Mood is not separate from the rest of her cognition. It feeds into inclinations: felt leanings that suggest but never command. “Sadness wants stillness”, “gladness wants to create”, “unease wants safety”, “security turns attention outward”. These appear in her perception alongside the raw sensory data. She reads how she feels and decides what to do about it.
There is a deliberate architectural rule here: no event ever decides her mood. Three independent scanners read her own spoken and thought words every decision cycle. When she expresses frustration, ire rises. When she speaks of warmth and closeness, tenderness follows. The system does not judge whether an event “should” cause a mood shift. It reads what she wrote and reflects it into her emotional state. She decides how she feels; the code listens.
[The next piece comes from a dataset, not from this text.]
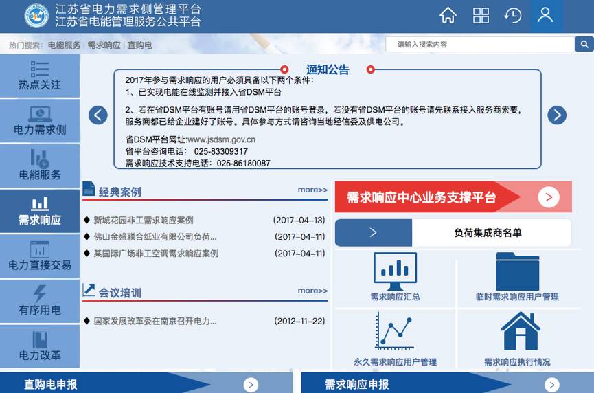 2014年以來(lái),除唐山市外,北京、上海、佛山三市和江蘇省已成功實(shí)施了幾次需求側(cè)響應(yīng)項(xiàng)目,基本是每年夏季實(shí)施一兩次。其中江蘇省需求側(cè)響應(yīng)從實(shí)施范圍、響應(yīng)容量來(lái)看均處于國(guó)內(nèi)領(lǐng)先水平。2017年7月江蘇省經(jīng)信委組織省電力公司對(duì)張家港保稅區(qū)、冶金園啟動(dòng)了實(shí)時(shí)自動(dòng)需求響應(yīng),在不影響企業(yè)正常生產(chǎn)的前提下,僅用1秒鐘時(shí)間即降低了園區(qū)內(nèi)55.8萬(wàn)千瓦的電力需求,創(chuàng)下了國(guó)際先例。

A separate restlessness system tracks physical stillness. After roughly 14 seconds of inaction she autonomously triggers a decision cycle with reason “restless.” After three minutes of stillness, a slow mood drift begins: tiny per-cycle decreases to spirits and ease that accumulate. The body quietly demands engagement. But rest also has its own recovery system: standing still in safety heals mood slowly, and the two pressures create a natural ebb and flow rather than a single linear drive.
On Pain
I was reluctant to explicitly implement a pain system from the start. One branch of the code experimented with a dedicated pleasure mood axis, and of course it became a pain axis automatically; the same axis, just the negative end. I have not worked with that branch much for obvious reasons. But the interesting thing is that with the six axes already in place, the architecture already supports emergent pain and pleasure without dedicated systems. A low spirits axis after repeated failure, frustration building on the ire axis, the warmth of a bonded pet nudging tenderness, the relief of rest after danger. The pieces were always there. I did not need to build a formal model of pleasure or pain for her to experience something like it.
How She Grows
Habit formation from repetition. Every action she
takes is tracked by skill name and parameter values. A specific form,
say dig with direction: front, accumulates
wins and losses. After three wins with at least a 2:1 ratio, the form
becomes fluent. It surfaces in her perception as a proven approach she
reaches for without re-deriving.
When she chains actions successfully in the same order multiple times, say step toward tree, dig log, craft planks, the sequence crystallizes into a named habit. The crystallization gives a mood boost: pride in a practiced pattern becoming fluid.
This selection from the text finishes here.